Valère Staraselski

De nouveau, se dresser contre l’antisémitisme
L’Humanité -21 février 2019

Valère Staraselski, écrivain, auteur du Parlement des cigognes, distingué par le prix Littérature de la Licra.

Pour la première fois, depuis la Seconde Guerre mondiale, on tue des juifs en Europe parce que juifs. Récemment, en France, croix gammées sur des portraits de Simone Veil, arbres à la mémoire de Ian Halimi vandalisés, tag Juden sur la vitrine d’un restaurant…

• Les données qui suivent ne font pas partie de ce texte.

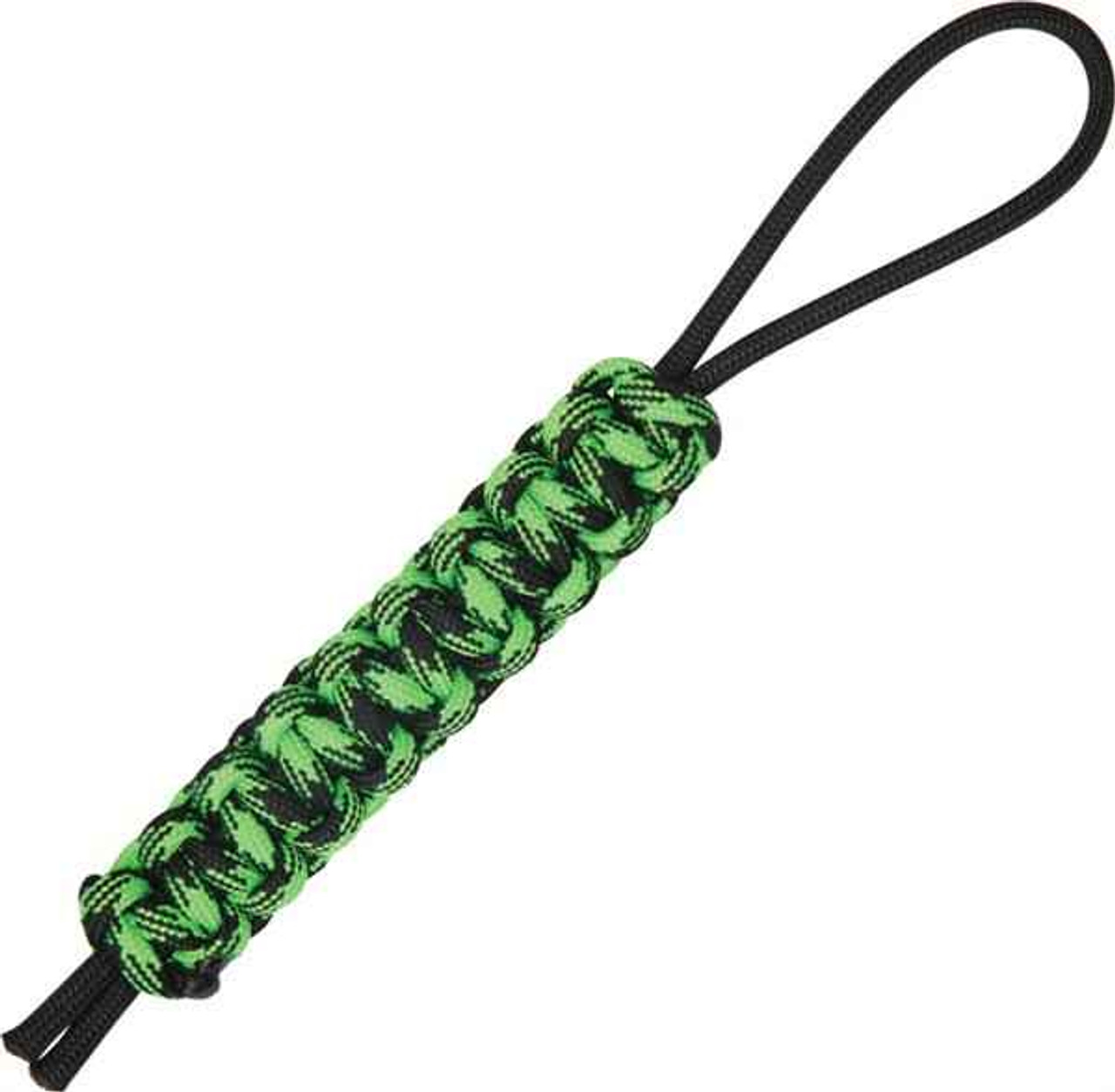 Knotty Boys Zombie Lanyard. Neon green and black hand tied parachute cord construction. Works great on keys to assist drawing them from the pocket or sheath. May also be attached to zippers or a keychain. Hang packaged with slogan “Get your ZOMBIE or Go Home!”
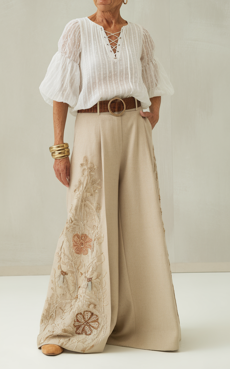 A lightweight white peasant blouse with lace-up details is paired with a high-waisted, wide-legged beige pant with floral embroidery at the bottom. The design of the wide-leg opening and waist-hugging style creates an established, effortless look that remains visually appealing while remaining comfortable. This outfit style offers preppy elements for everyday wear with attractive textures that add elegance. These clothes present an artful approach to showcasing 2025 fashion style while maintaining comfort.

Souvenons-nous, des cris de « morts aux juifs », « tuons les juifs », proférés à l’Est mais aussi en Suède comme en France. Souvenons-nous de la déclaration d’Anita Lasker-Wallfich , 92 ans, survivante d’Auschwitz, l’an dernier au Bundestag où siègent désormais des néonazis : « Quel scandale que des écoles juives et même des jardins d’enfants doivent être protégées par la police ! »

Souvenons-nous de Sébastien Sellam, 23 ans, tué le 20 novembre 2003 par Abdel Amastaibou qui déclare tout de suite après : « J’ai tué un juif ! J’irai au paradis » et précise aux policiers : « C’est Allah qui le voulait ».

Le mal s’est répandu au point qu’il a même gagné les rangs de la gauche européenne. Le chef du parti travailliste de Grande Bretagne, Jeremy Corbin lui-même, a dû l’admettre et le condamner publiquement. La gauche française n’est pas épargnée non plus. En ce pays, nous dit Christian Picquet sur son blog : « 30 ans de déferlement néolibéral couplés à la volonté des classes dirigeantes de substituer un multiculturalisme d’inspiration anglo-saxonne à une exceptionnalité républicaine indissociable de la recherche du bien commun », ont fait beaucoup de dégâts. Chez certains jeunes, influencés par l’extrême droite identitaire comme chez d’autres qui dévoient la solidarité envers les Palestiniens en une haine anti-israélienne, la haine des juifs l’emporte et cimente la pire des idéologies. Celle qui confond politique d’un gouvernement avec les gouvernés et qui ferait passer l’antisémitisme pour une lutte des classes !

S’agissant de l’antisémitisme, le rabbin Delphine Horvilleur mentionne : « Le racisme est souvent affaire de complexe de supériorité : je possèderais quelque chose qu’un autre n’a pas ou moins que moi. L’antisémitisme, au contraire, se construit sur une forme d’infériorité ressentie. On reproche aux juifs d’être plus ou d’avoir plus. Et elle ajoute : « Pas étonnant dés lors que l’antisémitisme prospère toujours là où l’armature et le lien social se fissurent. »

Les croix gammées tracées sur la devanture du local du Parti communiste français à Vienne, en Isère, rappelle que la gauche française s’est aussi constituée dans la défense d’Alfred Dreyfus, notamment derrière Jean Jaurès.

Une participante à la marche en mémoire de Mireille Knoll, cette vieille dame juive assassinée l’an dernier, déclarait au Monde : « Si on est juif et de gauche, on est d’autant plus mal, car qui reconnaît cet antisémitisme à gauche ? »

Fort heureusement, l’initiative de la tenue de manifestations partout en France, mardi dernier, montre que la gauche peut et doit reprendre la tête du combat contre l’antisémitisme.